(Dataset excerpts)

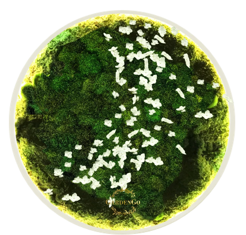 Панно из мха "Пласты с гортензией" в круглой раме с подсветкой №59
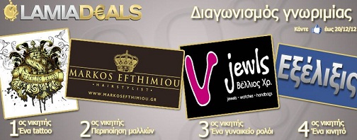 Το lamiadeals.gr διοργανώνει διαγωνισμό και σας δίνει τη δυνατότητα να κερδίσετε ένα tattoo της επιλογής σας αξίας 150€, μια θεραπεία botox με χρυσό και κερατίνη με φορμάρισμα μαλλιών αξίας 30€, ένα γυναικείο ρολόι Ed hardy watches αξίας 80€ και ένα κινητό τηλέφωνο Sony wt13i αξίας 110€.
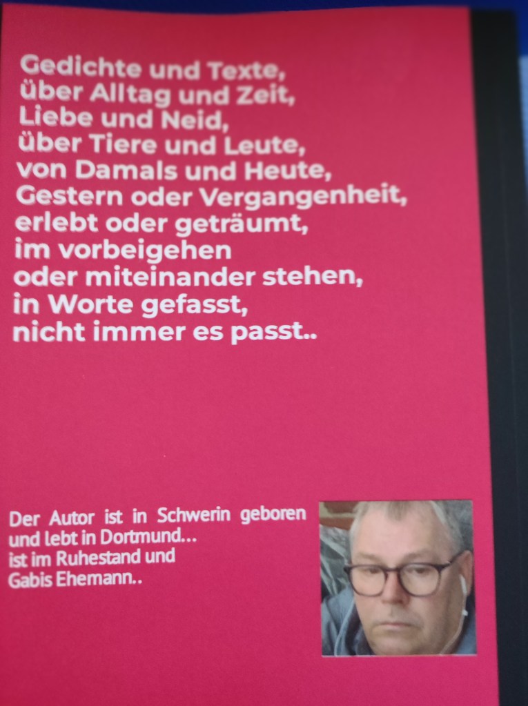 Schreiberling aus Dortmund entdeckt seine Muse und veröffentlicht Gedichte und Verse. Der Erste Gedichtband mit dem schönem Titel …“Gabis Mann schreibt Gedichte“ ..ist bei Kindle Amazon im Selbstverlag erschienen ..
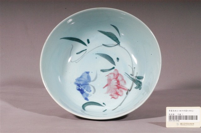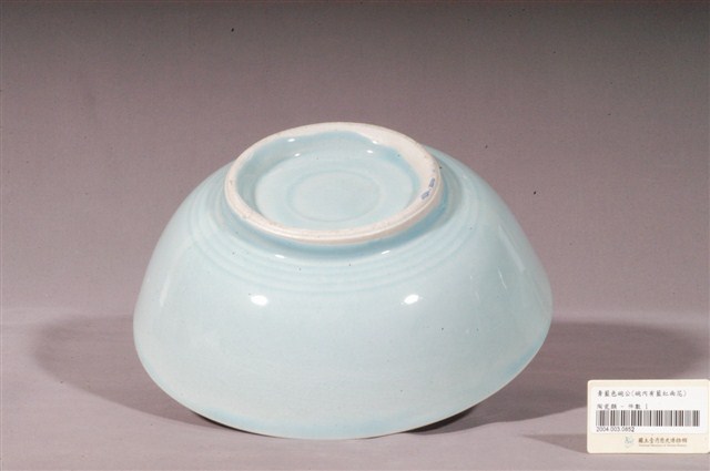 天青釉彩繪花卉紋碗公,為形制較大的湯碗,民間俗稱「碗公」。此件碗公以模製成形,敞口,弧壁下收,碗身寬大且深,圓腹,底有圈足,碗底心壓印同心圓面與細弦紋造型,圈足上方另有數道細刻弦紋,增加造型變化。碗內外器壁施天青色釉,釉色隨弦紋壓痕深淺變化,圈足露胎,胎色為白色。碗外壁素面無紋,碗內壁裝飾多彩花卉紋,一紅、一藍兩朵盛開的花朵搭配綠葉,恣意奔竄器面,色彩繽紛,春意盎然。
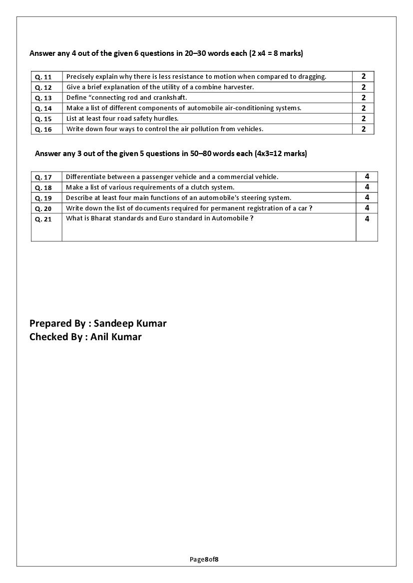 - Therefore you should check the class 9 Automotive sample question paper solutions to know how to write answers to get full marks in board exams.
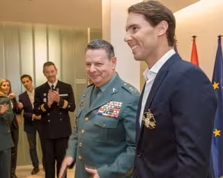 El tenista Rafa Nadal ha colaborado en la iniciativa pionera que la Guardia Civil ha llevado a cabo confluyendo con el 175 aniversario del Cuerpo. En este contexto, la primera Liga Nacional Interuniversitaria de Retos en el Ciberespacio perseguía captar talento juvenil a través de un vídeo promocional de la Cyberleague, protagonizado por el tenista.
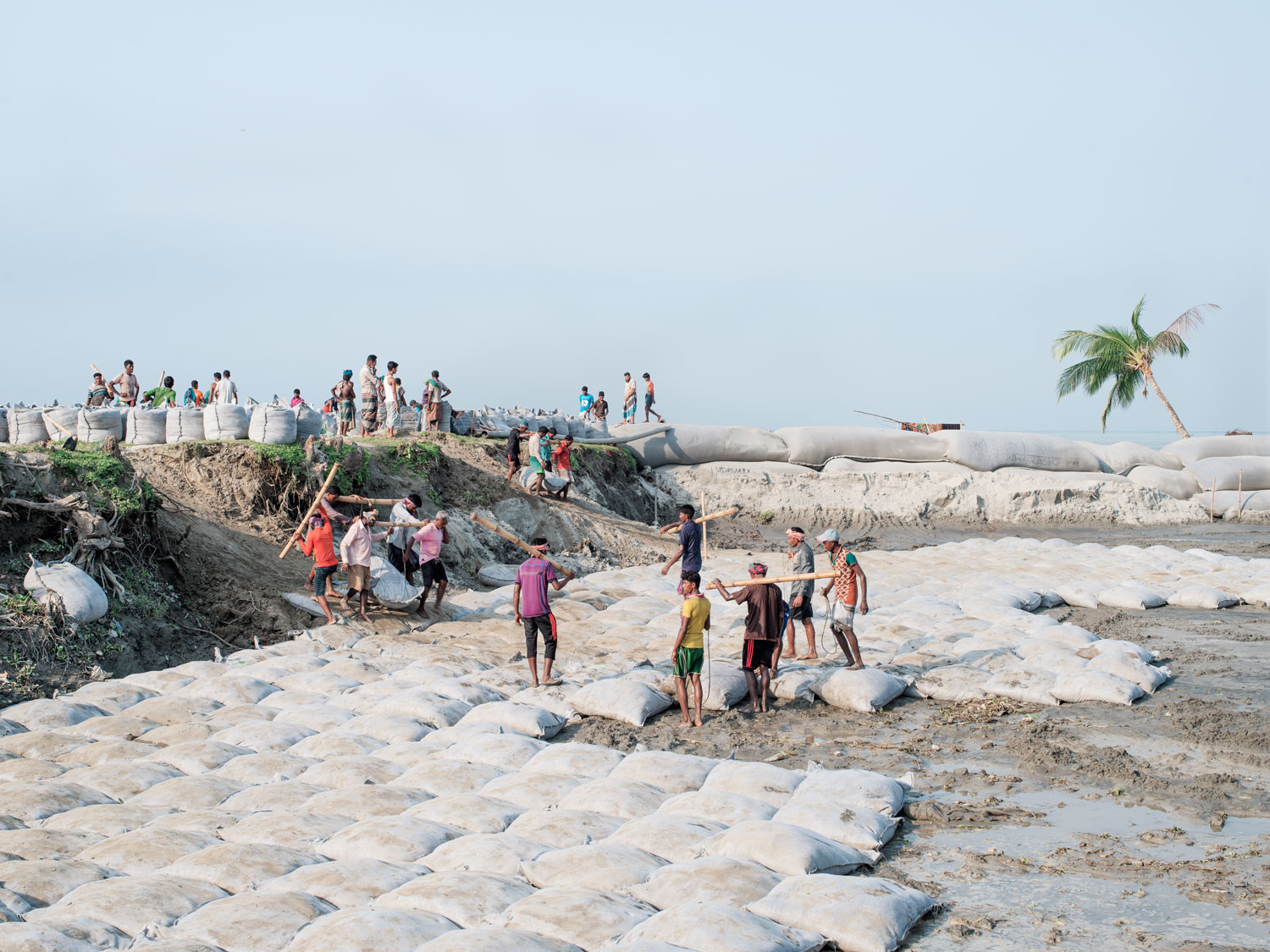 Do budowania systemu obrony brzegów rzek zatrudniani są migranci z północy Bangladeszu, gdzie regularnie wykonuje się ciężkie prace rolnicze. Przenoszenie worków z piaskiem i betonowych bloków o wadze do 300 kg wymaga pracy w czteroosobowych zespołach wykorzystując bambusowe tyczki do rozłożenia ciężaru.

- Work request: With pictures omitted, reproduce exactly the lines from the line containing "El tenista Rafa" through the end of the data above.

- Reply:
 El tenista Rafa Nadal ha colaborado en la iniciativa pionera que la Guardia Civil ha llevado a cabo confluyendo con el 175 aniversario del Cuerpo. En este contexto, la primera Liga Nacional Interuniversitaria de Retos en el Ciberespacio perseguía captar talento juvenil a través de un vídeo promocional de la Cyberleague, protagonizado por el tenista.
 Do budowania systemu obrony brzegów rzek zatrudniani są migranci z północy Bangladeszu, gdzie regularnie wykonuje się ciężkie prace rolnicze. Przenoszenie worków z piaskiem i betonowych bloków o wadze do 300 kg wymaga pracy w czteroosobowych zespołach wykorzystując bambusowe tyczki do rozłożenia ciężaru.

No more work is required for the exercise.